Una donna Sami una volta mi disse: "L'Alce è furbo; quando sei nella foresta puoi averlo a pochi metri, e non vederlo; ma stai certo che lui ti vede". Aveva ragione: a dispetto della mole imponente (al garrese può superare i due metri), l'alce dissimula la sua presenza contando solo sull'immobilità assoluta. Suo marito sarebbe partito per una settimana di caccia, come avviene laggiù ogni mese di settembre, il che spiega ampiamente tanta circospezione. Il carattere schivo lo rende difficile da incontrare nei boschi svedesi, dove peraltro é molto diffuso. A testimonianza di questo i suoi escrementi popolano il sottobosco e le aree antistanti i laghi in cui ama nutrirsi, e spesso sono queste tracce l'unico modo per intuirne la presenza. Strano destino quello delle feci in genere, così poco popolari ma importanti per gli studiosi (e per la natura in generale: senza di esse il ciclo della vita non esisterebbe); "siamo quello che mangiamo" è una frase che va estesa al mondo animale, e parafrasando un verso del compianto De Andrè, è dal letame che nasce molta della conoscenza sugli animali più schivi. Gli escrementi hanno una forma caratteristica, sono costituiti da materia vegetale compressa e assolutamente inodori e persino accattivanti nella forma, al punto da campeggiare sugli scaffali degli shop turistici, una volta debitamente inscatolati.
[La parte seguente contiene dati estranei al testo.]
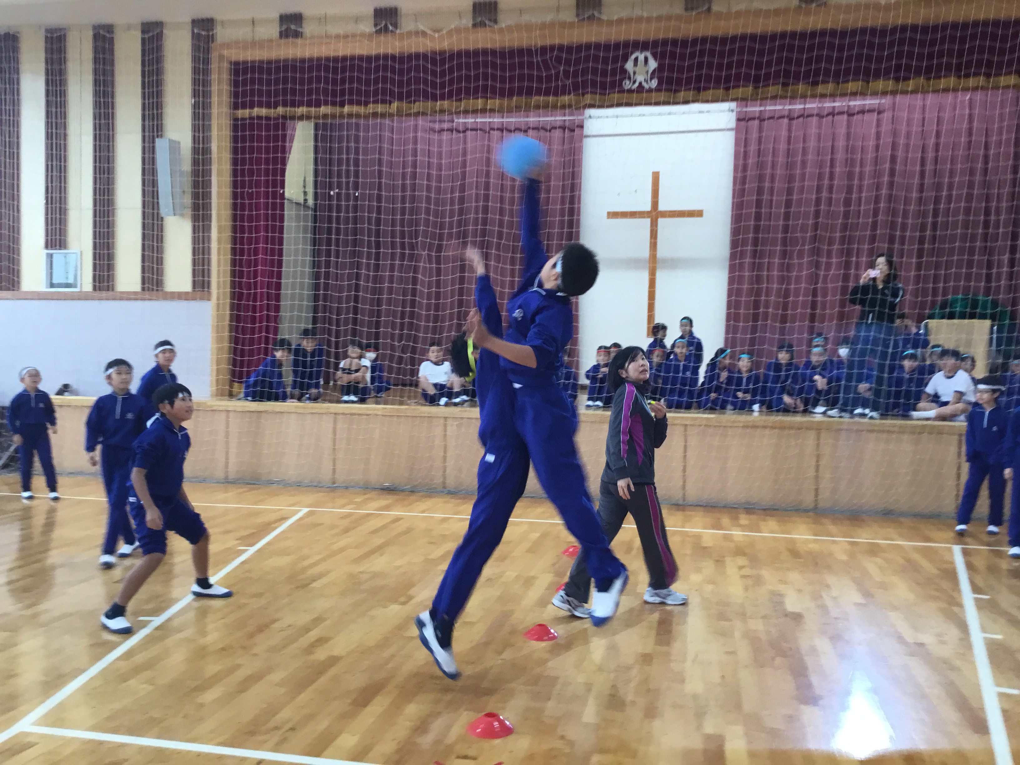 あいにくの雨だったので、体育館で行いましたが、子どもたちはみんなフェアプレーを心がけてドッヂボールを行いました。チーム一丸となって取り組む姿はザベリオの子どもたちらしい、とても素晴らしいものでした。
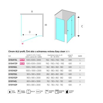 - Dlouhá životnost a snadná údržba: Bezpečnostní sklo o tloušťce 6 mm je opatřeno povrchovou úpravou Easy Clean, která využívá nanotechnologii. Tato vodoodpudivá vrstva zabraňuje usazování nečistot a vodního kamene, takže sklo zůstává déle čisté a snadno se udržuje. Úprava je zároveň odolná vůči běžným čistícím prostředkům používaným na okna a skleněné plochy – více sprchování, méně drhnutí.

In questo caso è nata anche una foto: camminavo in un'area rocciosa tra bosco e lago quando notai un lastrone obliquo sul quale, in tutta evidenza, un alce si era soffermato.
Il prodotto di questo momento di riflessione, per così dire, era rotolato lungo la roccia: alcuni elementi si erano fermati nelle incavature del piano inclinato. In genere si fotografano escrementi per un fatto didattico, per mostrare come riconoscerli; in quel caso era proprio il loro aspetto che mi intrigava. Vi lascio immaginare i commenti ironici di mia moglie, giocati sulle affinità tra il soggetto e le mie qualità fotografiche. Già nel mirino, tuttavia, "sentivo" profondamente l'immagine: quelle rare volte che accade so già che lo scatto sarà valido. Il colore della pietra, le sue venature, il contrasto tra le forme arrotondate e l'aspetto aspro del suolo mi spingevano a cercare uno scatto molto grafico. Non mi fermai a considerare se il soggetto fosse o meno degno: questo potete giudicarlo voi stessi. "Vuoi scommettere che questa finirò per pubblicarla, un giorno?", replicai divertito. Ora posso passare all'incasso.